Бондарев. Помню, все помню. Но сейчас другое время. По телевизору, небось, не раз видели: Ельцин и все руководство верующими стали. На главные православные праздники в церковь ходят. Электорат свой увеличивают (поднял палец кверху).

Воронин. Ельцин, когда был первым в Свердловске, двух работников из нашего стройуправления из партии исключил. И за что – детей окрестили!

Бондарев (сглаживая ситуацию, обращаясь к Таисии). Мы ведь с Виктором Петровичем давние товарищи. Вместе когда-то такой комбинат построили, загляденье. А, кстати, что это мы все по отчеству, да на вы? Давайте по-простому, по-дружески… Не против?

Воронин и Таисия (почти хором). Конечно!

Бондарев. Так вот, друзья, хочу вам помочь: машину могу купить.

Воронин. Как-то неожиданно это.

Бондарев. Виктор, время такое, надо решения принимать быстро, да что быстро – мгновенно.

Воронин. Саша, неудобно мне тебе-то продавать. Как-то не с руки.

Бондарев. А чего неудобного? Я, если надо, и родной жене товар продаю.

Таисия. Виктор, ты слушай Сашу, он же опытный человек.

Воронин. Дело в цене.

Бондарев. Это верно, дело в цене.

Воронин (вошел в роль бизнесмена). Саша, бери ее за восемнадцать тысяч, свои мы люди, зачем нам с тобой торговаться. Ну как, согласен?

Бондарев (потеребил себя за кончик носа, посмотрел на Виктора насмешливо-ласково). Ох, Витя, чудак же ты. Торговаться – надо, и деньги считать – надо. Цена этой машины, если привести ее порядок, пятнадцать тысяч, не больше.

Воронин. Саша, да ты что, она почти новая, прошла всего сорок пять тысяч.

Бондарев. Вот послушай меня: купил ты ее почти девять лет назад, был ей тогда год, итого – десять лет. Это прилично. У тебя она, практически, стояла, значит, старела быстрее, чем работающая. Верно? Сейчас нужно менять все шланги, все ремни, все жидкости, аккумулятор наверняка сдох: максимальный срок его – пять-шесть лет. Покрышки все в волосяных трещинах – зимой рассыплются. Двигатель надо регулировать. Это денег стоит немаленьких. Да и регистрировать ее надо. Задаром не получится. Налоги еще придется платить. Короче – все это я могу сделать тысяч за пять, а потом за пятнадцать найду покупателя.
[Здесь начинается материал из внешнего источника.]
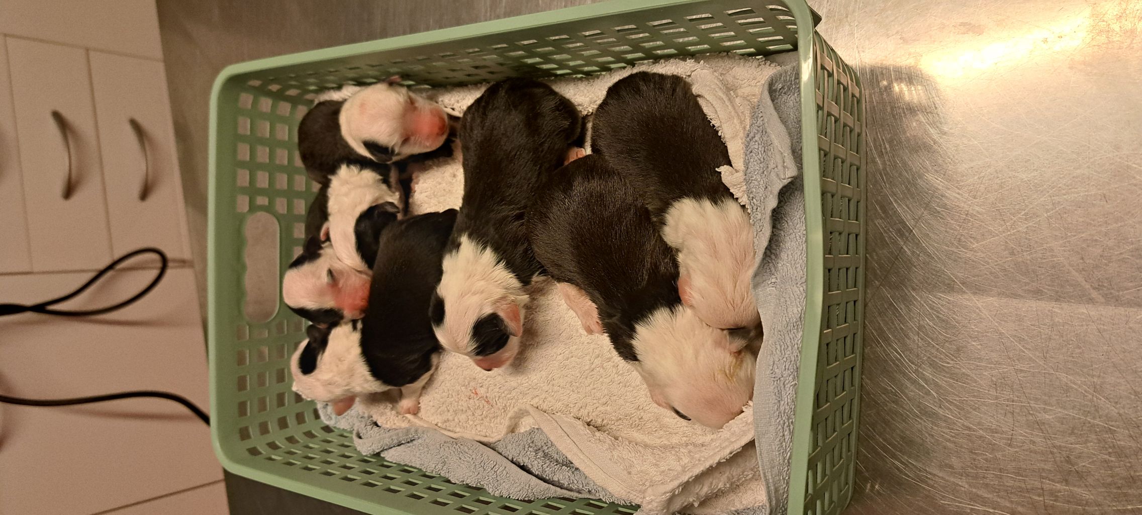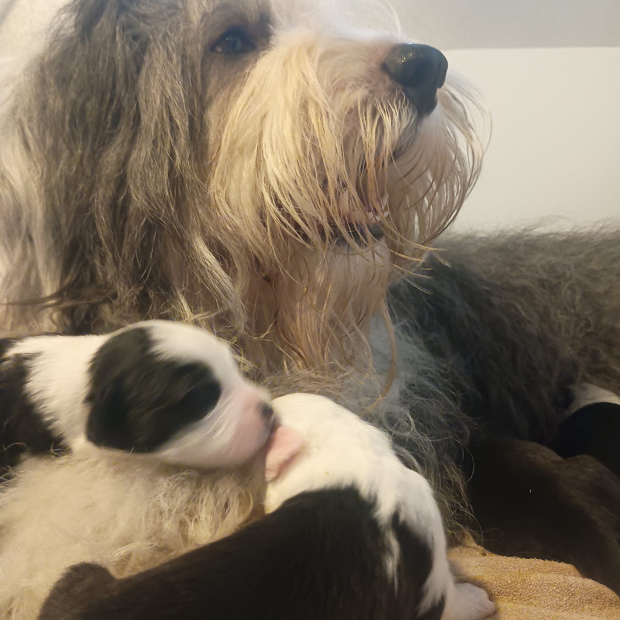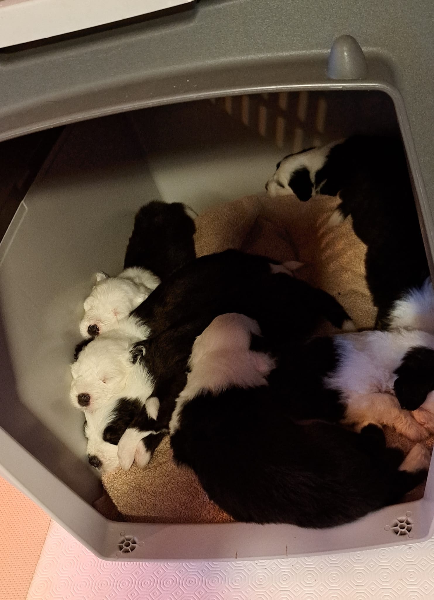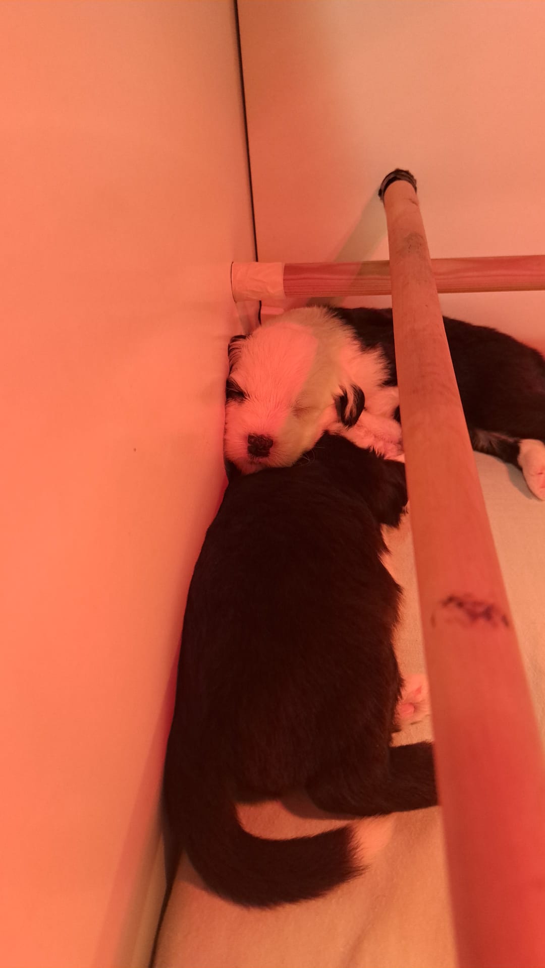 Iniziano a tentare i primi passi incerti, si cercano tra loro e la coda accenna i primi timidi scodinzolii.

Машина, Витя, мне не нужна, тебе хочу помочь.

Воронин. Спасибо, Саша. Надо подумать.

Таисия. Вить, позвони Игорю, посоветуйся.

Воронин. А что, действительно, можно позвонить. (Повеселел, обращаясь к Бондареву.) Пойду, сыну позвоню, у нас тут хорошая связь (усмехнулся) у столба ЛЭП. (Уходит.)

Таисия. Саша, спасибо тебе, давай уговорим его. Машина-то нам не нужна. Есть «Нива», что привезти по мелочи – на ней можно. А деньги будут – наймем бригаду и все доделаем. Ты прямо как ангел с неба.

 

Возвращается Воронин, радостный и улыбающийся.

Воронин. Игорь говорит, что резон есть. Только велел деньги сразу в банк положить.

Бондарев. Сын, видно, у вас толковый.

Таисия (с гордостью). В банке работает. Если что, Саша, может он тебе в чем-то и поможет.

Бондарев. Спасибо, учту. Ну так что, решаем?

Воронин (сдерживая радость). Саша, готов делать, что скажешь.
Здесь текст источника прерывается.